Что это было — невинность или невежество? Скрытое чувство, непроговоренное, смешное, детское, которое потом долго, чуть ли не всю жизнь растворялось, как твердый колотый сахар. Или это была соль? Непроваренная соль подлинных, вечных отношений мужчины и женщины в мире, соль, которая никогда не растворяется, а только оседает где-то внутри, готовая в любую минуту подняться, как муть, обернуться горечью, жесткостью и даже жестокостью расставаний? Она не думала об этом, но, когда на лавочке он полез к ней в трусы и Андрея Сковородникова обожгло запахом женской плоти, ярким, одурманивающим, запоминающимся, как запах горячего асфальта, она поняла, что сопротивление бесполезно, что ничего не скажешь, что все сделалось само собой: вот — она, вот — он.
Она не знала, нужно ли сопротивляться или ей просто кинули мяч, как тогда, на пляже, руки потянулись сами собой, чтобы его подхватить, обнять, прижать, поцеловать. Это было не откуда-то возникшее чувство, не любовь, а моторика — неожиданно, само собой заработало ее женское устройство. Но только попросила его понять, что он первый:
— Я девочка…
— Не болтай, все знают — тебя партизан партизанил, — пыхтя над трусами, произнес боевой шахтерский паренек.
Она увидела его чужое лицо, и “устройство” перестало работать — умерло, замерло, заглохло, как автомобиль на перекрестке.
— Нет! Нет! Нет!
Она оттолкнула его. Вырвалась. И глаза были полны ярости, беспомощности, слез.
— Докажи, — тихо и требовательно сказал он.
— Нет.
— Докажи!!! … — она должна была поднести подкатившейся к ней мяч. — До-ка-жи!
— Нет.
— Докажи!
И она поступила, как он велел. Стянула трусы, молча, как в ванной. Он усадил ее на скамейку, раздвинул ноги, стянул свои штаны, и дальше она ничего не помнила. Он что-то делал, а она молчала, не чувствуя ничего. Молчала. Долго.

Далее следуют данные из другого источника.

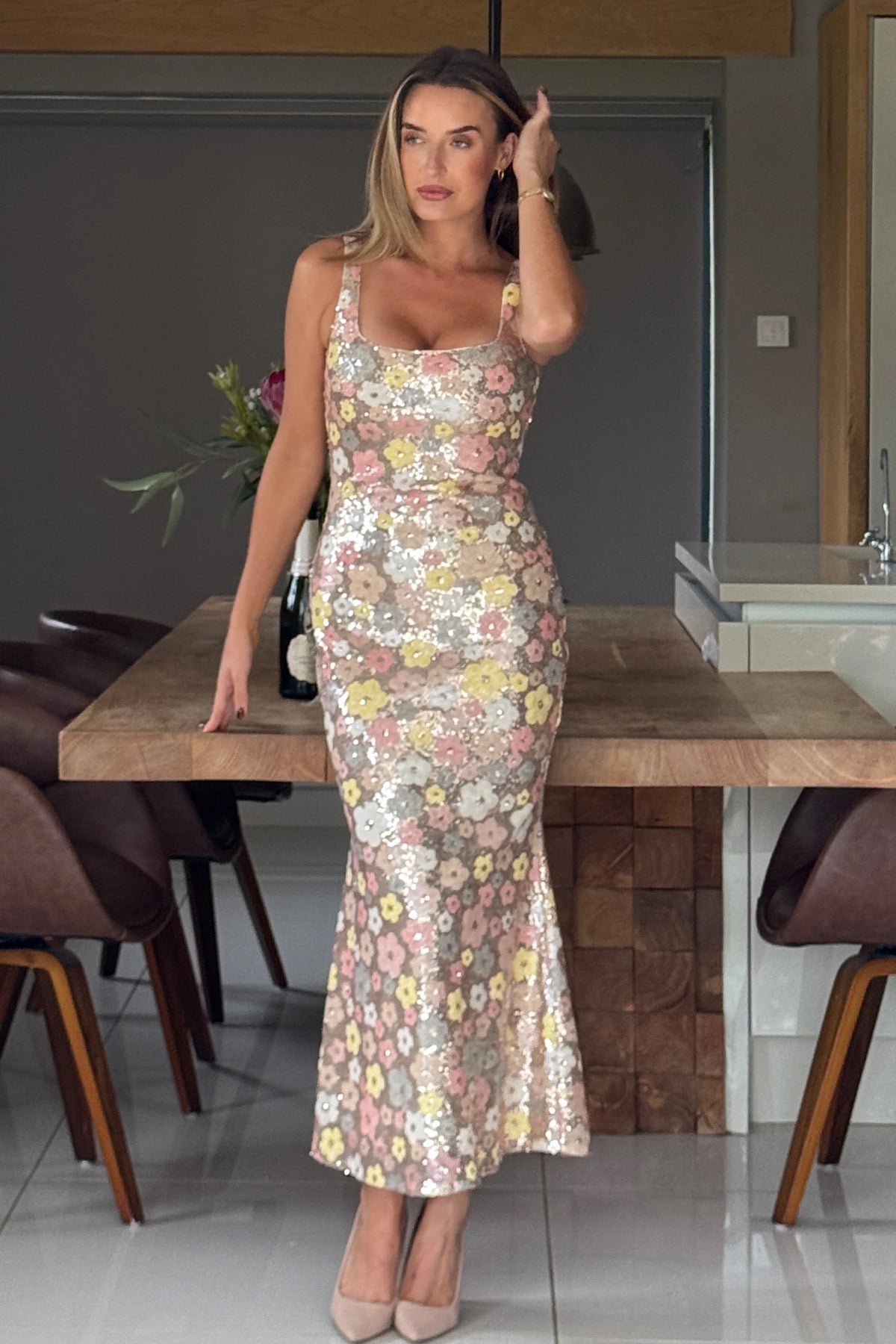 Girl In Mind Naomi Brown Floral Midi Slip Dress

“Павлик, прости меня. Это случилось. Самое ужасное в моей жизни, самое, самое ужасное. Я знаю, ты там в гробу перевернулся. Я тоже, я тоже — теперь в гробу. Павлик, дорогой мой, добрый, и самый, самый любимый Павлик, прости меня. Прости. Нет оправдания моей измены тебе, я думала, что у меня будет муж и дети и ты будешь рад тому, что мне хорошо, что я счастлива, но сегодня я умерла, как и ты — мы с тобой рядом. Мы мертвые оба. Я перестала быть как все нормальные люди, и мне никто не верит, и меня считают “п”, которая не достойна ничего, кроме как спать со всеми подряд. Так и будет, наверное. Что мне еще делать, как жить в этом городе, занятом гестаповцами. Они здесь везде. На каждом шагу. Я буду спать со всеми ними за подачки, за то, что они разрешат мне здесь жить и не убьют меня сразу. Но зачем мне такая жизнь нужна? Зачем? Я сдала экзамены с двумя четверками, по алгебре и химии, а остальные пятерки — и вот первая неделя моей самостоятельной жизни, и я мертвая. Когда я пришла домой, мать так на меня посмотрела — она, конечно, все знает, ей уже донесли. Пока она молчит, но я знаю, что теперь будет. Точно знаю, но не это главное, главное — нет никакой любви…. Когда я шла от нашей площади Красных партизан к парку, где все произошло, я знала, что в этот вечер может что-то случиться. Я не знала, хорошее или плохое, я ничего не знала — там, в парке, все наши девчонки из школы становились женщинами и потом рассказывали мне и другим, как все с ними было, но то, что произошло со мной там, — никогда не было. Никогда. Теперь надо быстрее отсюда уехать или умереть и лечь рядом с тобой, под березой, которую на твоей могиле еще тогда посадил твой отец, Алексей Михайлович, и она такая вымахала, что я тебе не скажу, сколько метров. Я теперь понимаю все. Все. Писать больше не могу, очень хочу спать. Буду спать несколько дней или всю жизнь, всю, всю”.
11
Если бы служащий из “Макдоналдса” в клетчатой рубашке не забрал со стола подносы с остатками еды, они бы еще долго сидели и разговаривали. Когда они вышли на улицу, Людмила спросила:
— И часто ты сюда заходишь?
— Почти каждый вечер, я живу здесь недалеко, — ответил Вольнов и показал в сторону дома.
— А жена тебе не готовит?
— Она на сборах.
Как-то так получилось, что в ту сторону и пошли. Когда дошли до подъезда, она остановилась и спросила:
— Зачем мы сюда шли?
— Не знаю, — ответил Вольнов.
— И я не знаю — какая станция метро здесь рядом?
— А зачем нам метро?
— Чтобы я уехала.
— А может, зайдем?
Людмила задумалась: незнакомый мужчина, часа два, как говорим, по сути ничего не известно. И известно все. Какая-то глупость с первого раза идти в чужой дом — зачем? И притом, она же говорила ему, что он молодой, женатый и пусть ни на что не рассчитывает. Но дверь подъезда манила к себе — хотелось и дальше открывать с ним дверь за дверью, говорить, понимая, что ничего, ровным счетом, не связывает ее с этим мужчиной — мужчиной на одну ночь — и не будет связывать.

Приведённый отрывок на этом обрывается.